GST and Its Impact on Working Capital Finance

Posted by Ankit Shrivastava
May 8, 2018

NOTE: This post has been self-published by the author. Anyone can write on Youth Ki Awaaz.

Indirect taxes have conventionally had a considerable impact on small and medium enterprises (SMEs), particularly on their working capital. Multiple taxes such as service tax, VAT, excise duty, etc. had made it an extremely complex environment to do business in. Several SMEs were bearing a huge cost to adhere to the varied compliance requirements. The recent standardisation of indirect taxation across the nation subsumes many central and state tax laws. Indirect taxation now follows a new norm under the four basic slabs for goods and services – 5%, 12%, 18% or 28%. It is expected to have an extremely positive impact on the operational liquidity of an SME.

Prior to this, a small business’s working capital had been consumed to a considerable extent by the hidden nature of indirect taxes that often spread across multiple stages of the business cycle. GST implementation has changed the tax buckets and also the modes of doing business. It would assist them in predicting and aligning their requirements around the necessary liquidity for an organisation’s daily operations, which, in turn, would lead to working capital demand loan optimisation, resulting in a lower cost of capital.

Though the tax rates are currently higher for many of the industries, and may lead to working capital finance becoming marginally expensive in terms of increased processing fees etc., in the short term, these would set off due to other factors such as easier input credit planning, and cost reduction as a direct result of higher transparency. Hence, in the long term, the benefits would outweigh the immediate drawbacks for businesses.

Let us take a closer look at the impact of GST on SMEs and working capital finance.

Easier to Conduct Business

With the elimination of various charges and a singular expense structure, the techniques of indirect taxation will become less complex. Standard bookkeeping practices will be replaced by software systems, as much of the GST tax filing processes are executed through web portals. Simple tax frameworks will make it less demanding for business owners to run the business. The consistency in tax laws makes the commencement of operations easier as well.

Unified Domestic Market

With the introduction of GST, the indirect taxation barriers within and across states will be eliminated. This will organise and unify the national goods and services market. Accordingly, distribution, warehousing and sourcing will become simpler and faster among multiple states. Moreover, organisations will no longer be obliged pay interstate expenses, and the working capital can be used to build cash reserves that may be utilised to grow their business instead. The elimination of time-consuming activities such as cross-border tax procedures and toll checks result in a hassle-free and smooth flow of goods in the country. This reduces the logistics cost, which again impacts the businesses positively in terms of their working capital.

Optimum Pricing

Since GST will remove every other sort of irregular expense, the costs paid by purchasers are bound to decrease. Subsequently, the prices can be optimised, leading to a lift in demand and utilisation, which will profit SMEs and MSMEs.

Market Expansion

Earlier, companies purchased goods based on the location of business operation. This reduced the numerous tax burdens, but also led to a limited customer base in terms of sales. Alternatively, GST absorbs the area-based incentives, as the tax is destination-based as against origin-based. This opportunity can be used to expand markets for the truly competitive SMB businesses.

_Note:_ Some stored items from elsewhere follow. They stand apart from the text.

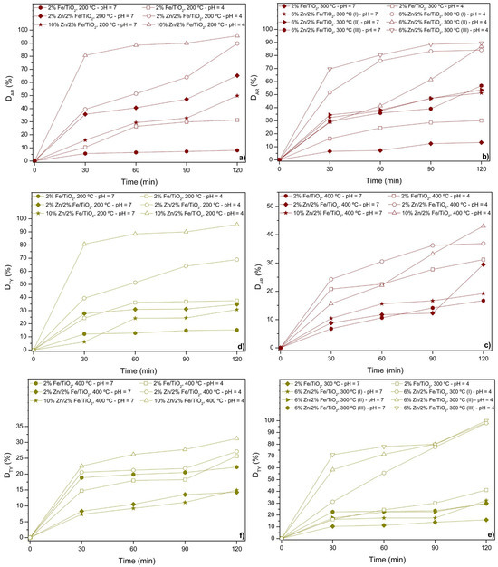 In summary, the best catalyst for AR photodiscoloration was 10%Zn/2%Fe/TiO2 calcined at 200 °C, achieving values close to 95.6% at pH 4. For TY photodiscoloration, the best catalysts were 6%Zn/2%Fe/TiO2 calcined at 300 °C and 10%Zn/2%Fe/TiO2 calcined at 200 °C, achieving values close to 99.9% and 95.6%, respectively. These results highlight the influence of both catalyst composition and calcination temperature on the efficiency of photodiscoloration, with optimal performance observed at specific pH conditions for each food coloring.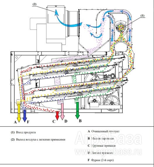 Зерновой материал, поступает в приемную часть и распределяется по всей ширине ,легкие примеси, выводятся по лотку к крупным отходам.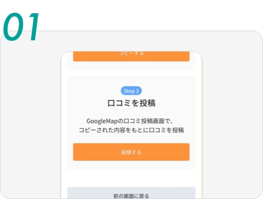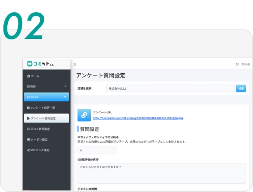 集めたアンケートの中で、基準より高い評価がついた場合のみGoogleの口コミ投稿画面へのリンクを表示し投稿の促しをすることができます。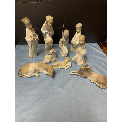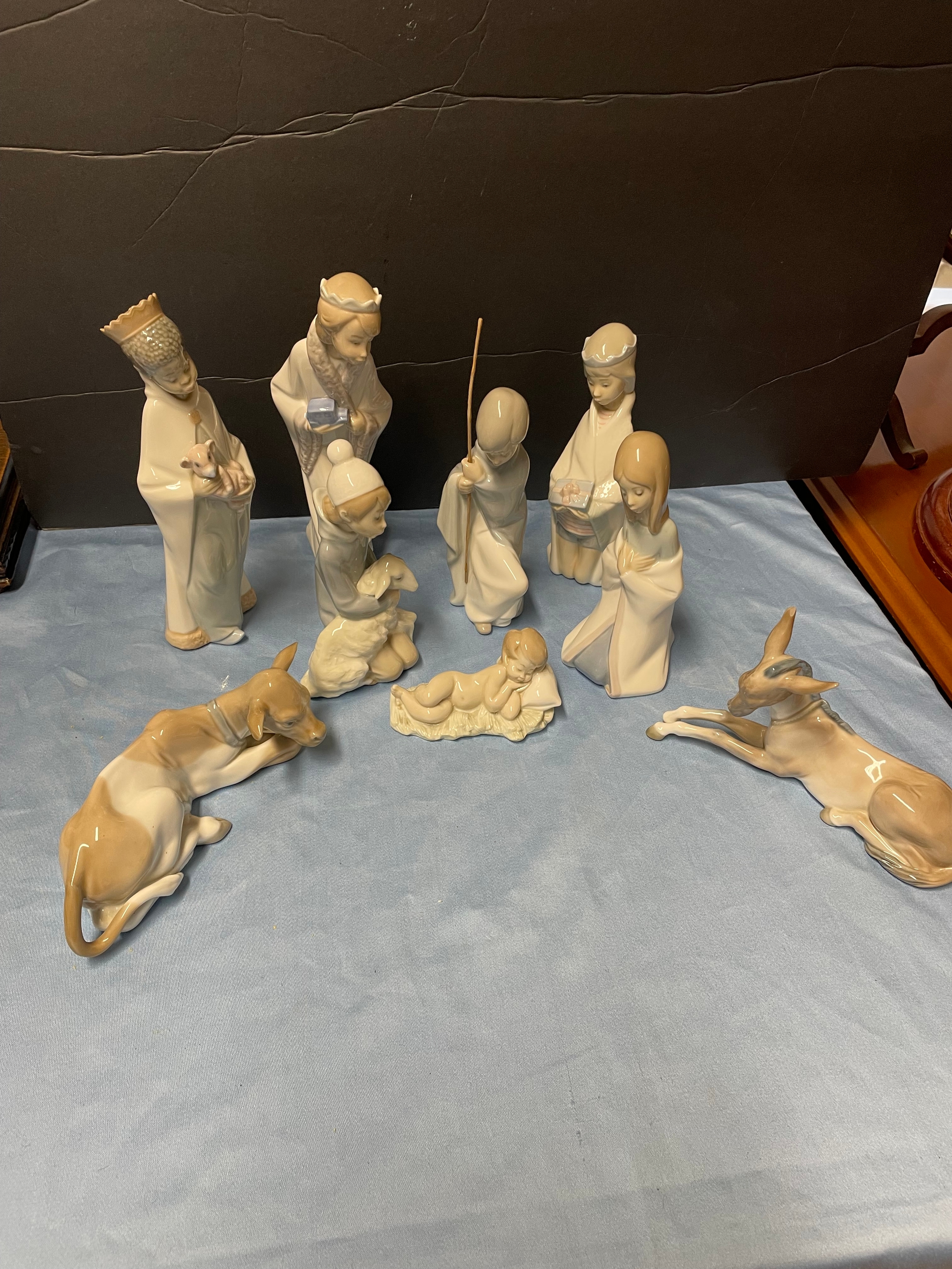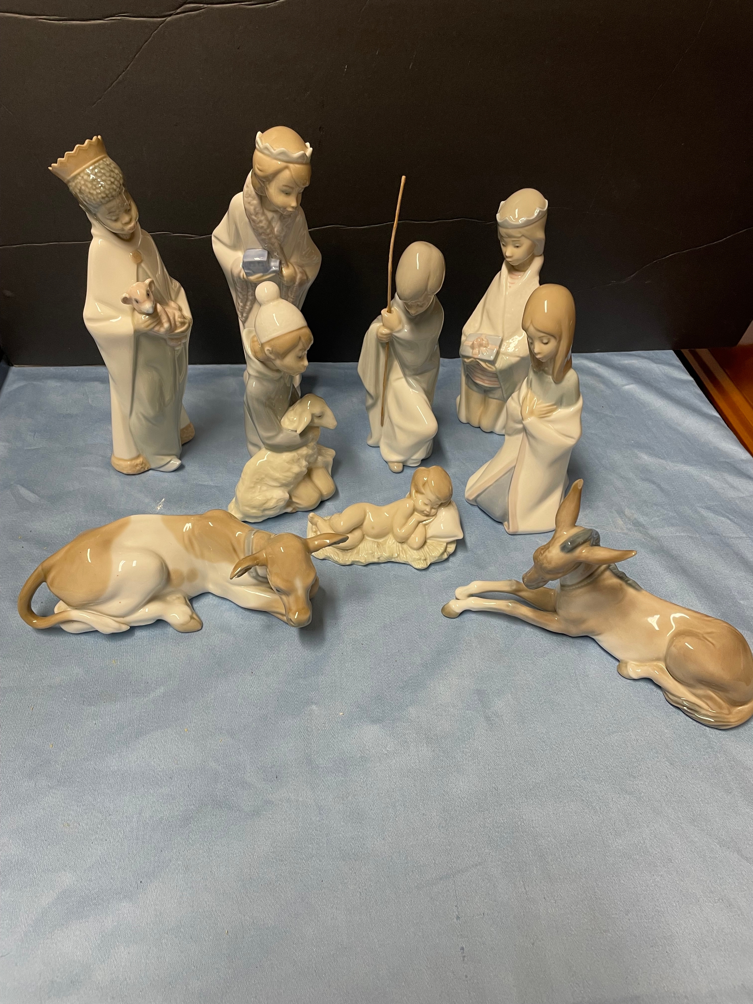 Lladro Scene, possibly a Nativity Scene with the Three Kings, Shepperd, baby, Donkey and Cow. All in excellent condition. One recently sold for £1,600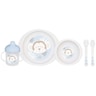 Παιδικό σετ φαγητού σε λευκό-σιέλ χρώμα και σχέδιο μαϊμού από την εταιρία Saro. Είναι κατασκευασμένα από πλαστικό υλικό, απαλλαγμένα από BPA. Το σετ περιλαμβάνει πιάτο, μπολ, κουτάλι, πιρούνι και ένα κύπελλο με λαβές κατά των διαρροών, για να μάθει το μικρό σας να τρώει μόνο του. Ιδανικό σετ που θα βοηθήσει το μικρό σας να νιώσει ανεξάρτητο. Κατάλληλο για ηλικίες 6+ μηνών.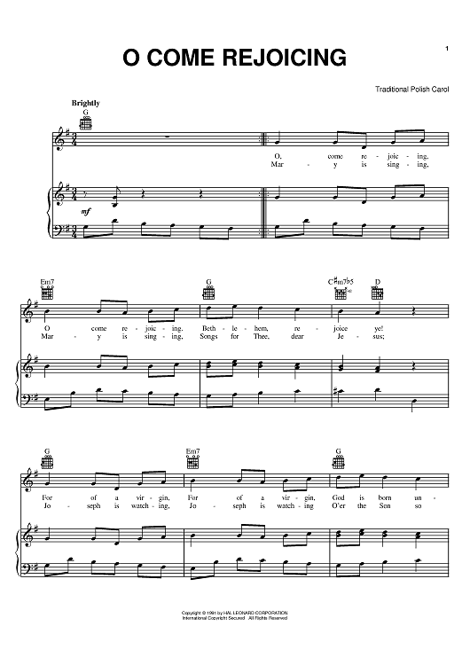 Digital Sheet Music for O Come Rejoicing by scored for Piano/Vocal/Chords; id:372071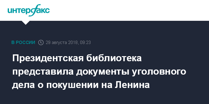 Москва. 29 августа. INTERFAX.RU - Президентская библиотека оцифровала хранившиеся в Государственном архиве РФ документы уголовного дела о покушении на Владимира Ленина, совершенном 30 августа 1918 года, сообщила во вторник пресс-служба учреждения.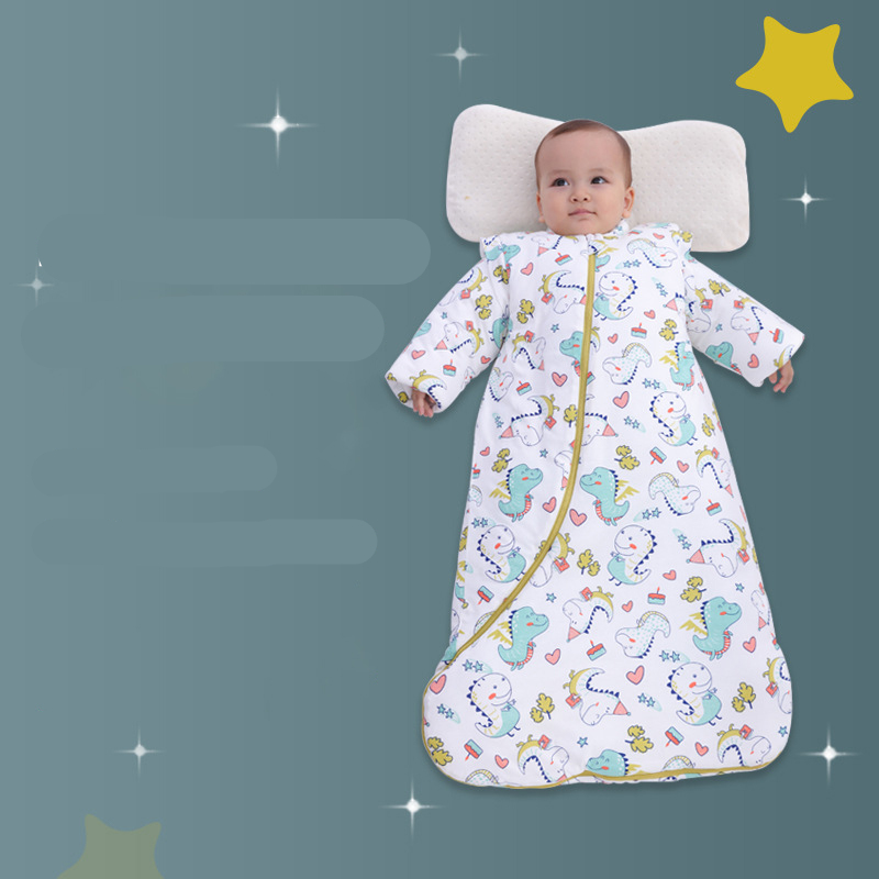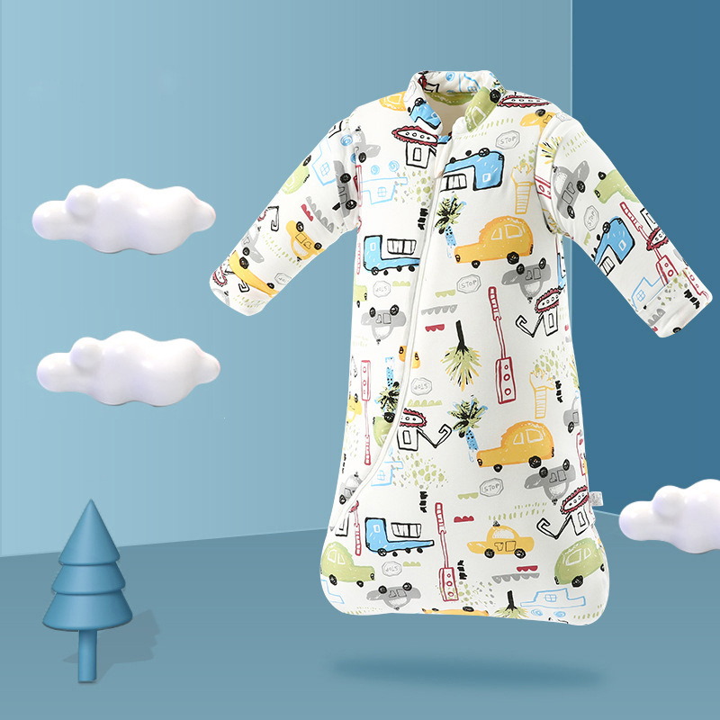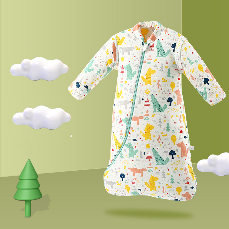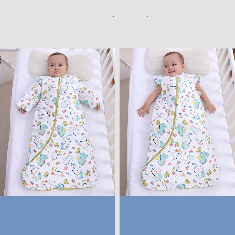 Sovsäck i bomull med avtagbara ärmar är ett mångsidigt plagg. Den är tillverkad av bomull, så den är skonsam mot huden. Du kan enkelt justera ditt barns temperatur genom att lägga till eller ta bort ärmarna efter behov. De tryckta mönstren gör varje modell unik och rolig.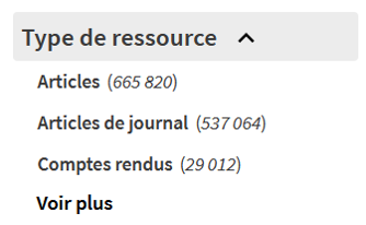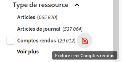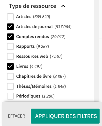 Exemple: Réduisez la recherche à «Articles de journal», «Comptes rendus» et «Livres».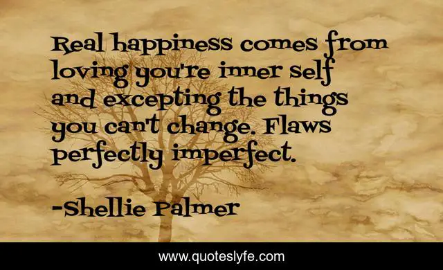 This page presents the quote "Real happiness comes from loving you're inner self and excepting the things you can't change. Flaws perfectly imperfect.". Author of this quote is Shellie Palmer. This quote is about quotes-to-live-by, self-love, love-yourself, happiness, self-esteem,.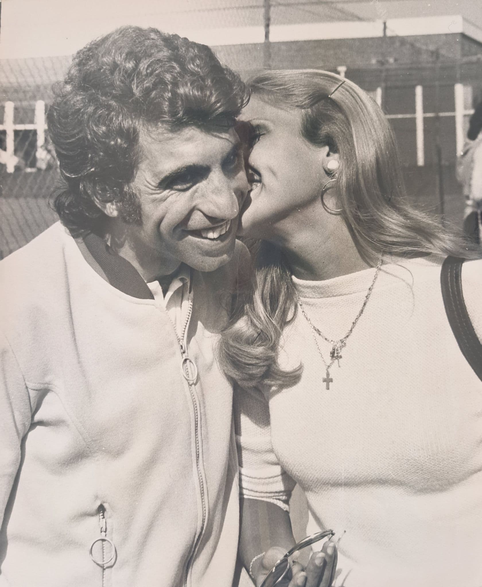 Black and white press photo showing Manual Orantes, with his wife, just after winning the 1975 British Hard Courts title at Bournemouth; portrait; press markings and information to rear; portrait; c.20cm by 25cm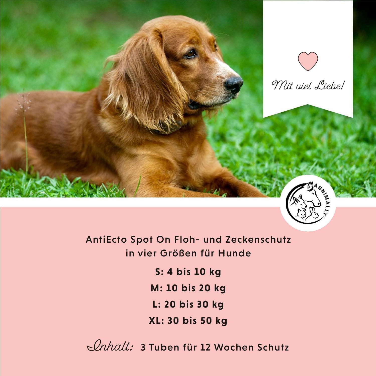 Inhaltsstoffe: Eukalyptus citriodora Öl, hydratisiert, cyclisiert Größe: S: 4 bis 10 kg; M: 10 bis 20 kg; L: 20 bis 30 kg; XL: 30 bis 50 kg Inhalt: 3 Tuben Anwendung: Die Lösung wird entlang der Rückenlinie, von Nacken bis Schwanzansatz, direkt auf die Haut aufgetragen – zuvor das Fell teilen. Die Fellstruktur ermöglicht eine selbstständige Verteilung der Lösung. Aufbewahrung: Bitte lagern Sie das Produkt trocken, lichtgeschützt und nicht über 25°C. Herstellung: Mit viel Liebe in Deutschland hergestellt.

Become Globally Competitive

As production costs diminish in the post-GST administration, the goods and services will be estimated competitively in global markets. Along these lines, exporters will have the capacity to compete with large corporations across the globe and boost exports. This will lead to an increase in the working capital demand loan as organisations try to expand their ventures or product lines after GST.

Greater Benefits for New Ventures

Manufacturing businesses with a turnover of over INR 5 lakhs were required to make payments and register for VAT. However, with the implementation of GST, the limit has been increased to a turnover of INR 20 lakh and above. GST will also make it easier for SMEs to start new ventures or expand their product/ service line, as a uniform procedure enables centralised registration and provides an encouraging atmosphere for business owners.

Operational Transparency

GST makes the overall business operational canvas much more transparent as businesses are required to file regular tax returns online, which would result in financial institutions turning more open to working capital funding and introducing innovative loan products/ services for small and medium enterprises. In a nutshell, changes in the taxation system indicate an ease in conducting business and make it easier to start a new venture or expand one’s current operations. Certain digitally enabled NBFCs offer unsecured working capital finance to SMEs, which could be used for various purposes such as expanding into new markets, establishing plants, purchasing machinery or managing operating expenses. Moreover, such a loan can be applied online within minutes through the FinTech lender’s website or mobile application, making it simpler to apply for a collateral free demand loan to take your business to the next level.